Über das Jobcenter ist er im Alter von 45 zu einem Deutschkurs gekommen und habe rund vier Jahre gebraucht, bis er ordentlich Lesen konnte: „Es ist ein neues Leben für mich, ich kann jedem nur raten, seine Scham abzulegen und sich Hilfe zu suchen.“ Dass das Empfinden von Scham das Hauptproblem ist, das bestätigen auch Stefan Wälte und Juliane Averdung vom Bundesverband Alphabetisierung und Grundbildung, die das Projekt Alfa-Mobil durchführen und mit ihrem Info-Bus durch ganz Deutschland touren und versuchen, auf die vielfältigen Hilfestellungen bei Analphabetismus aufmerksam zu machen: „Es ist kein Problem einiger, es ist ein Problem vieler“, betont Wälte. So gibt es in Deutschland rund sechs Millionen Analphabeten, alleine in Dillingen sind es 1500, im gesamten Saarland sogar 75 400 Erwachsene.

Und die Dunkelziffer sei womöglich noch viel höher. Problem sei, dass sich die meisten einfach nicht trauten, sich zu outen und ihre Probleme öffentlich zu machen. Dass es im Saarland flächendeckend kostenlose Deutschkurse gibt, die auch die VHS anbietet, wüssten noch weniger, diese Erfahrung habe die pädagogische Mitarbeiterin der VHS, Barbara Wagner gemacht: „Wir haben derzeit sechs bis acht Personen in unserem Kurs, die meisten kommen aber nicht einmal regelmäßig. Bei 1500 Analphabeten alleine in Dillingen ist das sehr schade.

Mit Angeboten wie diesen wollen wir die Gesellschaft sensibilisieren und den Betroffenen einen Anstoß geben, doch die vorhandenen Hilfsangebote anzunehmen.“ So könnte die VHS Hunderten von Personen Deutschkurse anbieten, sagt Wagner.

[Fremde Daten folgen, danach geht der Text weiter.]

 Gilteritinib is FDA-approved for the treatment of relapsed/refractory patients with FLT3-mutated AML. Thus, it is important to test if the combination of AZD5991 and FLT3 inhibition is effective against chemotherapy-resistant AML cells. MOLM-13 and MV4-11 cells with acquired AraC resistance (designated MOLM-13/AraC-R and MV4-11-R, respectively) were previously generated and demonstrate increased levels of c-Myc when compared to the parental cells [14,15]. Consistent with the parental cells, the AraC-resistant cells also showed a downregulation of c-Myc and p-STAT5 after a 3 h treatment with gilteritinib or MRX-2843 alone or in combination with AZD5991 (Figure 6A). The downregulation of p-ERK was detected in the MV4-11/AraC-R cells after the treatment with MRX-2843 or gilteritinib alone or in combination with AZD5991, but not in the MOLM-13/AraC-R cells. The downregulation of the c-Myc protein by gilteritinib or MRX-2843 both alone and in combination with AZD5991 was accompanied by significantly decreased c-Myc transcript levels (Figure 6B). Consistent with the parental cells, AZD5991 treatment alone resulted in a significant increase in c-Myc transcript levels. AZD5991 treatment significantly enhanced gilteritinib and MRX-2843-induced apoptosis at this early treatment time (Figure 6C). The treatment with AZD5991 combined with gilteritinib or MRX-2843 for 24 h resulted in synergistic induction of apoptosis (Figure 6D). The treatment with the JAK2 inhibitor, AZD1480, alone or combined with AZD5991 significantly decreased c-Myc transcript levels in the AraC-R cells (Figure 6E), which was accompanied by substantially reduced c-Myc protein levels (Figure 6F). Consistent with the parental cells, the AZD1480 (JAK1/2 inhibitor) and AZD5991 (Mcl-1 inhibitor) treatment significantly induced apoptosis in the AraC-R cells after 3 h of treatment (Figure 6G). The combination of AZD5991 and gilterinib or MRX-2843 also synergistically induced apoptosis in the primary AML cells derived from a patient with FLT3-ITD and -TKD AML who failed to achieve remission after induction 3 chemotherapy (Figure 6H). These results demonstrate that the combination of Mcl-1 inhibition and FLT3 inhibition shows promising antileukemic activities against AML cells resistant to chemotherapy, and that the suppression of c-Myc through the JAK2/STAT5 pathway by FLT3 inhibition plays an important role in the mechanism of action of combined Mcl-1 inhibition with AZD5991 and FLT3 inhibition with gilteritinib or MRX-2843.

Denn wenn keine medizinischen Probleme vorliegen, könne jeder Lesen und Schreiben lernen, weiß die Pädagogin.

Das bedeutet Teilhabe am Leben und an der Gesellschaft, so wie es auch Peter Schmitz mittlerweile erreicht hat. Mittlerweile habe er sogar sein Glück in der Liebe gefunden: „Das wäre als Analphabet nicht möglich gewesen“, erinnert er sich.